Honoring his commitment, Elon Musk’s enterprise xAI has made its first large language model (LLM), Grok, open source today.
As Musk had announced earlier in the week, this action allows any entrepreneur, programmer, company, or individual to access and utilize Grok’s weights—the parameters defining the strength of connections between the model’s artificial “neurons” or software modules. These neurons enable the model to process inputs, make decisions, and produce text-based outputs. Now, with the model and its associated documentation available, anyone can use Grok for various purposes, including commercial applications.
“We are releasing the base model weights and network architecture of Grok-1, our large language model,” the company announced in a blog post. “Grok-1 is a 314 billion parameter Mixture-of-Experts model trained from scratch by xAI.”
Those interested can download the code for Grok on its Github page or via a torrent link.
What It Means That Grok Is Now Open Source
Parameters, which include weights and biases, define how a model operates—the more parameters, the more sophisticated and capable the model generally is. Grok, with its 314 billion parameters, surpasses open-source rivals like Meta’s Llama 2 (70 billion parameters) and Mistral 8x7B (12 billion parameters) in complexity and performance.
The open-sourcing of Grok under the Apache License 2.0 allows for commercial usage, alterations, and distribution of the model. However, it can’t be trademarked, and it comes without any liability or warranty.

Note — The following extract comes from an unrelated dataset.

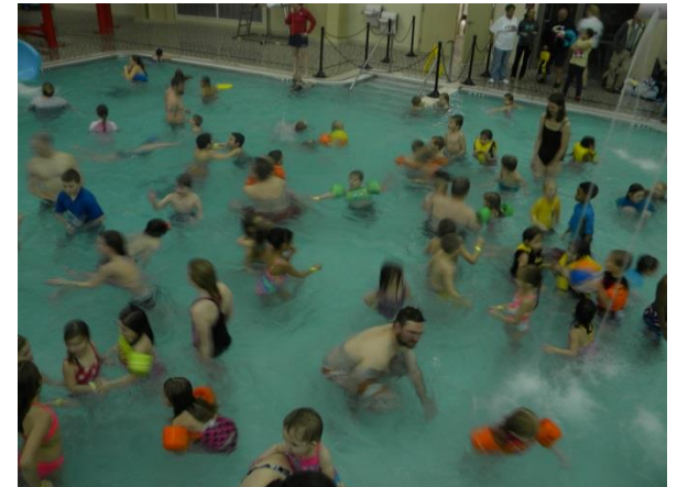
Christiansburg Primary PTA Night

Users are also required to keep the original license and copyright notices intact and must clearly indicate any modifications they’ve implemented.
Grok’s structure, crafted with a unique training stack built on JAX and Rust in October 2023, introduces novel methods in neural network architecture. The model is designed to use only 25% of its weights for each token, boosting its performance and efficiency.
Initially, Grok was a proprietary or “closed source” model launched in November 2023. Until its recent open-sourcing, it was available exclusively on Elon Musk’s affiliated social network, X (previously known as Twitter), through the X Premium+ subscription service. This service was priced at $16 monthly or $168 annually.
While Grok is now open source, its release doesn’t include the entire set of data it was trained on. This detail isn’t crucial for using the model since it’s already been trained, but it means users can’t see the specific data it learned from. It’s suggested that it might have been trained on user text posts from X, as the xAI blog vaguely mentions the model was “trained on a large amount of text data, not fine-tuned for any particular task.”
Additionally, the open-source version of Grok lacks access to the real-time information on X, a feature Musk highlighted as a key advantage of Grok over other large language models. To utilize this real-time data feature, users would need to maintain a subscription to the paid service on X.
Not Just Tech – A Business and PR Tactic
Grok, aimed to be a competitor to ChatGPT from OpenAI (a company Musk helped start and left in 2018), is named after a term that means “to fully understand.” It’s inspired by “The Hitchhiker’s Guide to the Galaxy,” a famous 1970s radio drama and book series by British author Douglas Adams, which was later made into a movie in 2005.
Musk promotes Grok as a funnier and less restricted alternative to ChatGPT and similar large language models. This approach is gaining traction, especially as users express concerns over AI censorship and errors, like those seen with Google Gemini. For instance, Gemini once implied Musk’s tweets could be as harmful as actions by Hitler, leading to widespread criticism from Musk and tech figures like Marc Andreessen, co-founder of a16z and an internet pioneer.
Musk’s decision to make Grok open source serves as a strategic ideological move amidst his ongoing lawsuit and broader critiques of OpenAI, a company he co-founded and is now suing. He accuses OpenAI of straying from its original non-profit mission. In defense, OpenAI has publicly shared emails suggesting Musk might have been informed or even supportive of its shift to a proprietary, profit-driven model.
The AI community on X has greeted Grok’s release with enthusiasm and curiosity. Technical experts are particularly interested in its innovative use of GeGLU in feedforward layers and its unique approach to normalization, including the use of the sandwich norm technique. The release has even captured the attention of OpenAI employees, who have expressed intrigue in Grok’s capabilities.
Consequently, Grok’s release is expected to challenge other LLM providers, particularly those offering open source solutions, to demonstrate their superiority and value proposition to users.